Then, we also support pipelined submission. Instead of predict() (which blocks), threads can call predict_submit() to start GPU work and get back a PredictHandle. We submit all three models (CpG, de-novo, others) before collecting any results, which lets the GPU work on them concurrently.

Verifying GPU results

Switching to GPU means switching to f32: The GPU shaders operate entirely in 32-bit floats⁷. To make sure this doesn’t change our results, we first switched the CPU inference path to f32 as well. The FlatForest type casts feature values to f32 before comparison so that split decisions are identical to the GPU path.

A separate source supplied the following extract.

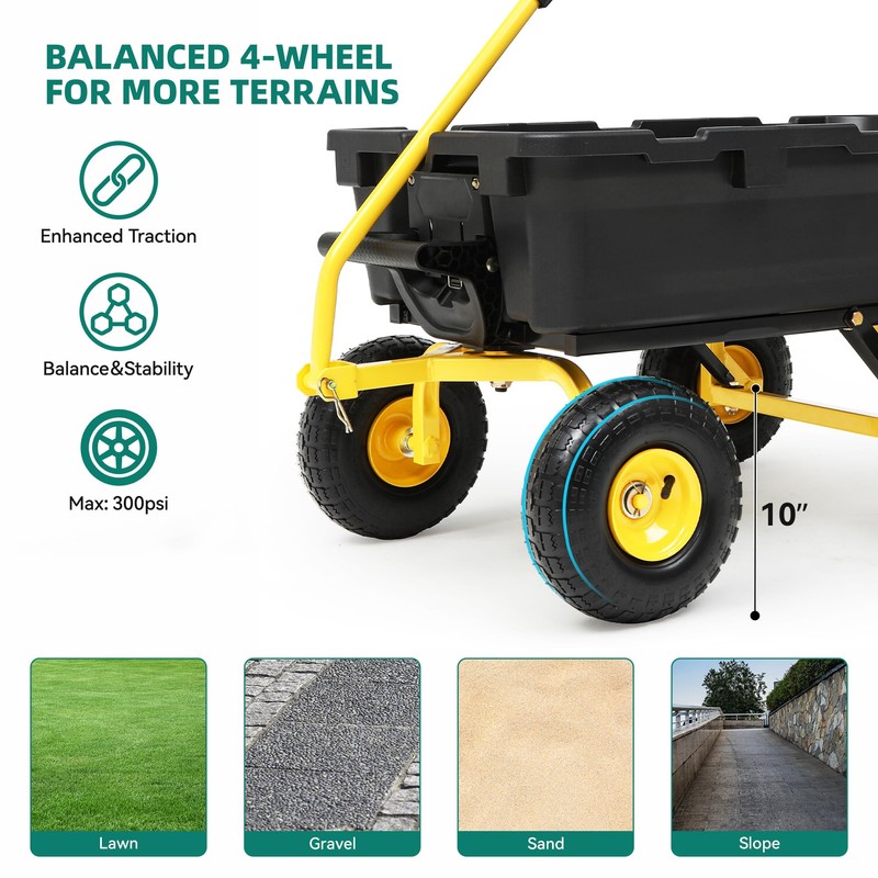 - 10" Pneumatic Tires for Various Terrains: The balanced 4 - wheel design with 10" pneumatic tires provides exceptional traction and stability on lawns, sand, snow, gravel and more. This utility cart can handle different terrains effortlessly.

The only remaining difference is accumulation precision: FlatForest on CPU sums leaf values in f64, while the GPU shader sums in f32. We have tests that verify GPU and CPU predictions match within this tolerance across various batch sizes, including tricky workgroup boundary conditions. If I remember correctly, in our test there were less than 100 positions that had any different results when switching.

Unified memory

One more nice optimization that makes a real difference on Apple Silicon: unified memory. On a discrete GPU, data needs to be copied from CPU memory to GPU memory and back. This means extra staging buffers and explicit copy commands. But on “unified-memory architectures” (which some APUs like Apple Silicon have) the CPU and GPU share the same physical memory.

We detect this at startup by checking for the MAPPABLE_PRIMARY_BUFFERS feature in wgpu. When it’s available, we skip the staging buffers entirely: the feature buffer gets MAP_WRITE usage (CPU writes directly), and the output buffer gets MAP_READ (CPU reads directly). On Metal, this maps to MTLStorageModeShared which means zero-copy access from both sides.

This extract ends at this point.